-- Extracted information follows --

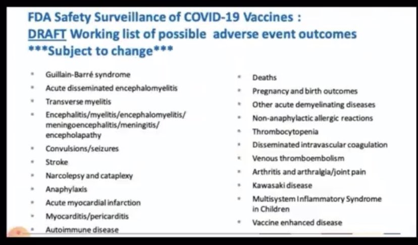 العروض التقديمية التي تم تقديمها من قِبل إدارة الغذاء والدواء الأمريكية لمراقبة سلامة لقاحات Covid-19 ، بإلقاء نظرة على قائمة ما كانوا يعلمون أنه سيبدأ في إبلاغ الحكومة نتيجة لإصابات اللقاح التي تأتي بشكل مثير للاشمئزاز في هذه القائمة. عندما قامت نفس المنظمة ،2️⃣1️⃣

-- Extracted information concluded --
-- Extracted information follows --

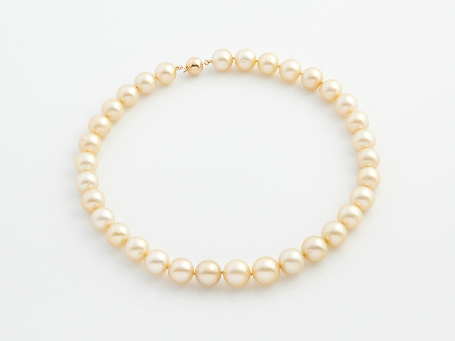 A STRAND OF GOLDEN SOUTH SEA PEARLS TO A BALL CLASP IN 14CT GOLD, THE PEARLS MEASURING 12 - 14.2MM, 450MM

-- Extracted information concluded --
-- Extracted information follows --

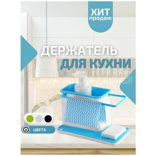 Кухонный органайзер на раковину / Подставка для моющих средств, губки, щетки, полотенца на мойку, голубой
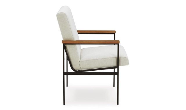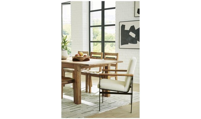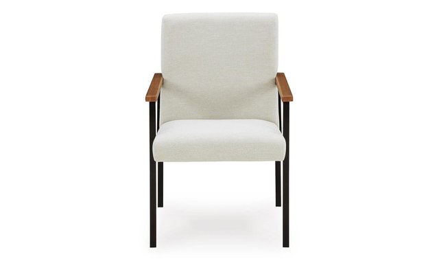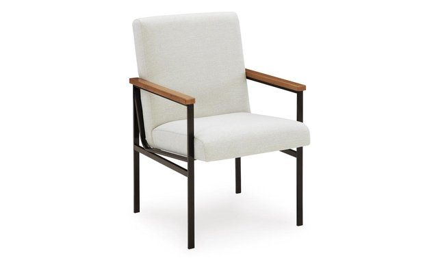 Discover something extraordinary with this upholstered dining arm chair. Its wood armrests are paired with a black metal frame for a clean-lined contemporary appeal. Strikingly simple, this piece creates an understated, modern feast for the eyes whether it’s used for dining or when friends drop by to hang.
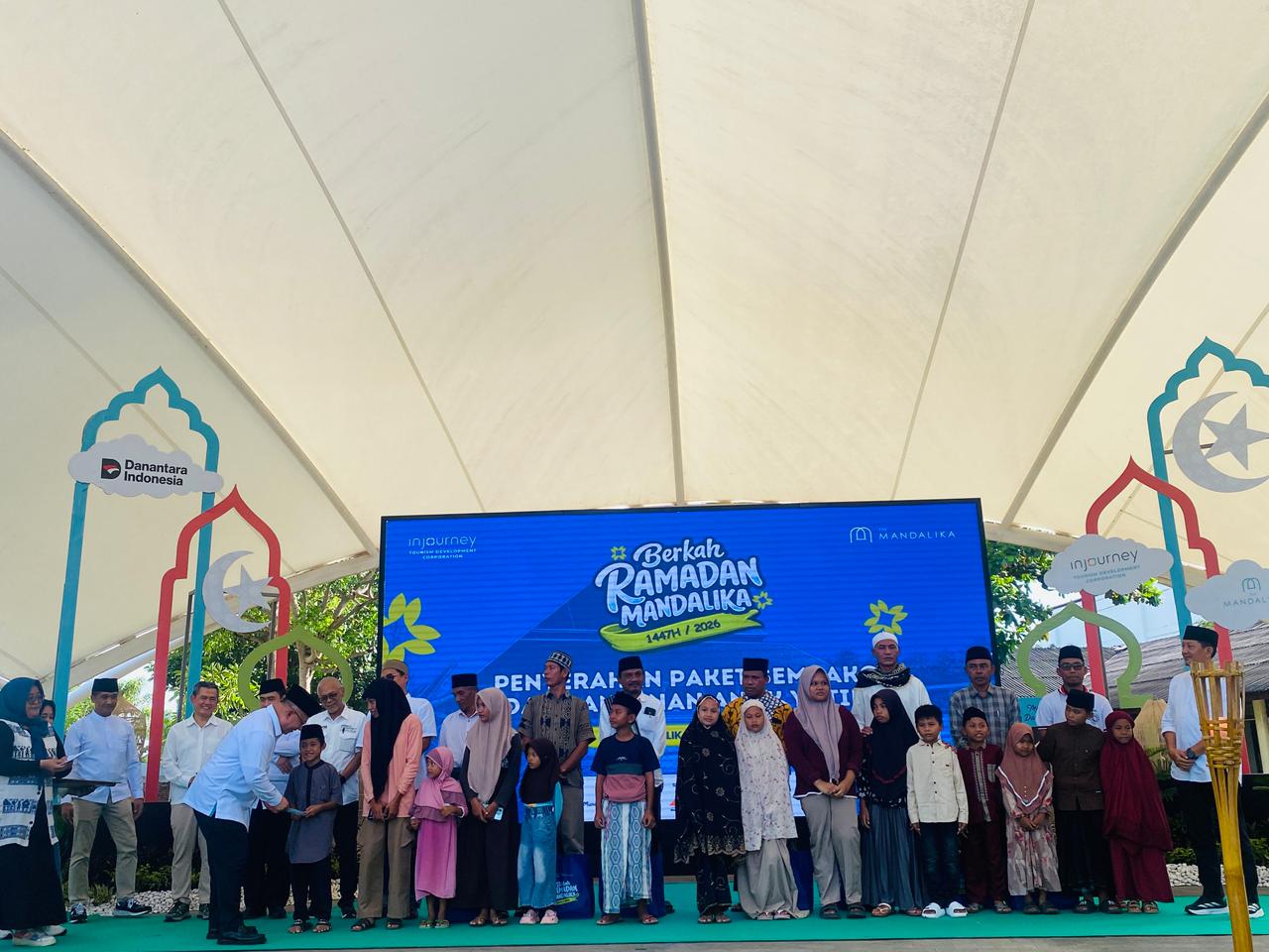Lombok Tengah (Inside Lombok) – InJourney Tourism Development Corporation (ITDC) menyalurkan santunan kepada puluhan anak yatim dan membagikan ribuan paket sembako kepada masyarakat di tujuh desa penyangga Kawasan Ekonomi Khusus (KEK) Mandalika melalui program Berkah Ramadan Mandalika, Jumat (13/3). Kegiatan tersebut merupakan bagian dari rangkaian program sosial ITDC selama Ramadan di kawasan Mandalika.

-- Extracted information concluded --

■ **What is expected**:
Above are some records. Output exactly the lines from the one that contains "Кухонный органайзер на" to the one that contains "Lombok Tengah (Inside", keeping both, and omit the pictures.

■ **Finished exercise**:
 Кухонный органайзер на раковину / Подставка для моющих средств, губки, щетки, полотенца на мойку, голубой
 Discover something extraordinary with this upholstered dining arm chair. Its wood armrests are paired with a black metal frame for a clean-lined contemporary appeal. Strikingly simple, this piece creates an understated, modern feast for the eyes whether it’s used for dining or when friends drop by to hang.
Lombok Tengah (Inside Lombok) – InJourney Tourism Development Corporation (ITDC) menyalurkan santunan kepada puluhan anak yatim dan membagikan ribuan paket sembako kepada masyarakat di tujuh desa penyangga Kawasan Ekonomi Khusus (KEK) Mandalika melalui program Berkah Ramadan Mandalika, Jumat (13/3). Kegiatan tersebut merupakan bagian dari rangkaian program sosial ITDC selama Ramadan di kawasan Mandalika.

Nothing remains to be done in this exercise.